While we use the Llama architecture, we don't use any of the public models like Llama 2 mainly because they're all too big (billions of parameters). Our current model has 36 million parameters. We also use a custom non-conventional tokenizer with space suffixes instead of prefixes to make word-based inference more efficient. For autocorrect, we use a specific prompt format. You can read more about all of this in the Model section.
(Note: Finetuning is currently disabled by default as its effectiveness has not been properly evaluated, but the following applies if you enable it) As you type things with the keyboard, your typed data is saved locally to temporary storage for later finetuning of the transformer LM. Finetuning is scheduled to run at least once every ~20 hours when your device is idle, plugged in and there's enough data. Under the hood, finetuning trains a LoRA adapter locally on your device, merges it with the original model and saves it. While the original data is deleted after finetuning, the finetuned model's weights may contain the data in some form or another, so we recommend avoiding sharing the finetuned model.
You can import and export model files for backup, transferring finetuned models between devices, or importing custom/third-party models. If you want to make your own models, check out the Model Creation section. The files are in .gguf format but with extra metadata, defined in the GGUF Metadata section.
Under the hood, the model is run using the llama.cpp library.
# FAQ
## Can I just import any gguf model like Llama 2 7B, Mistral 7B, etc?
No, those are way too big to reasonably run on a keyboard on a phone. They also wouldn't understand the autocorrect system we use. If you try to just import one of these models, you'll get an error message.
## What models can I import?
TODO: Maintain a GitHub repository with a list of community-made models after launch
## How can I tell which algorithm is being used?
In FUTO Keyboard, if the transformer LM was used to generate a suggestion, you will see a thin line under it. If there is no thin line, it was generated by the dictionary algorithm.
## I'm having issues with the predictions
This is still quite experimental and things may break. If it's affecting your use and you'd prefer the old algorithm, you can disable the transformer LM in the settings. Please let us know your experiences in the FUTO chat #Keyboard stream!
## What's this privacy warning about?
If you try to export a finetuned model, you'll see a privacy warning telling you to avoid sharing the file with others. This is just to let you know to be cautious about sharing the file with anybody. By its nature, finetuning can sort of compress and store the training data in the model's weights, especially if there's overfitting due to small amounts of data. Because of this, it's conceivable that somebody in possession of the file could reconstruct sentences you've typed. So it's best to keep the model private.

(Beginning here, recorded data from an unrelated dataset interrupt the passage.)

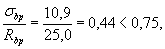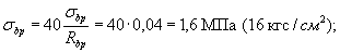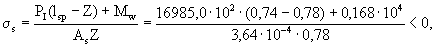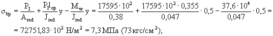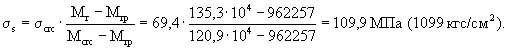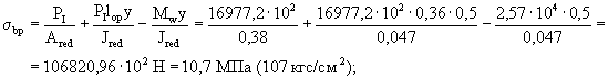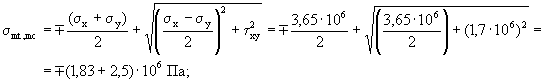 σmt = -1,83 · 106 + 2,5 · 106 = 0,67 МПа (6,7 кгс/см2); σmc = 1,83 · 106 + 2,5 · 106 = 4,33 МПа (43,3 кгс/см2);
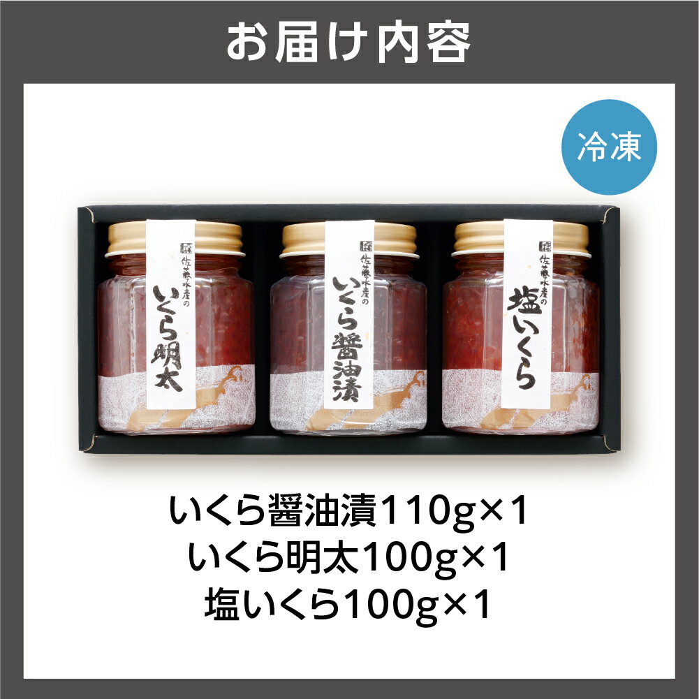 - 佐藤水産 いくら三昧(味付きいくら3種)北海道 石狩市 いしかり サーモンファクトリー 魚卵 瓶詰 瓶入り いくら明太 明太子 珍味 辛い イクラ いくら 人気 食べ比べ 食べくらべ セット 詰め合わせ 詰合せ(のし対応可)
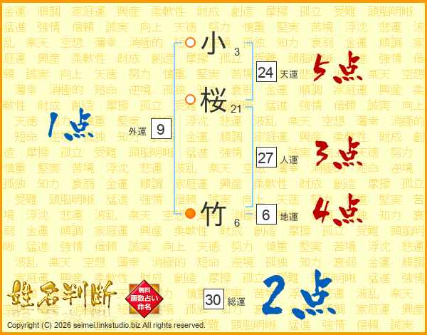 小桜竹さんの総運は30画の2点!
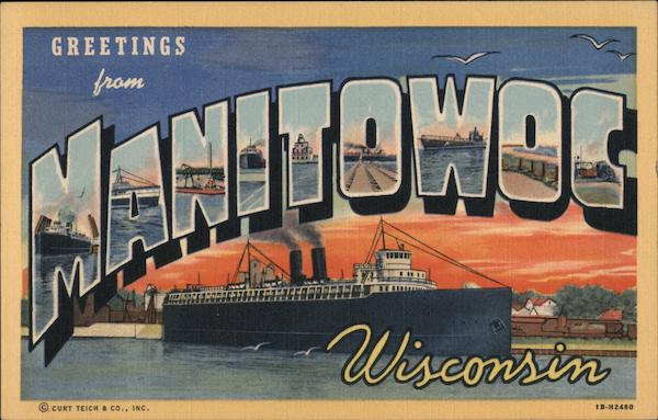 Front: GREETINGS EE0 Wisconsin CCURT TEICH & CO., INC. 1B-H2480 Back: MANITOWOC CIRCULATORS, MANITOWOC, WISCONSIN ی را cc

## What languages are supported?
The default transformer LM model only supports English. Dictionary-based algorithm supports English and a few other languages. For all other languages, there are no predictions out of the box but the user history dictionary will learn what you type.
TODO: Add more default dictionaries
## Can you support (XYZ) language for transformer LM?
We're still working on nailing down English!
If you want, you can train your own model on your own language, this is currently somewhat complicated but we're working on scripts to make this easier.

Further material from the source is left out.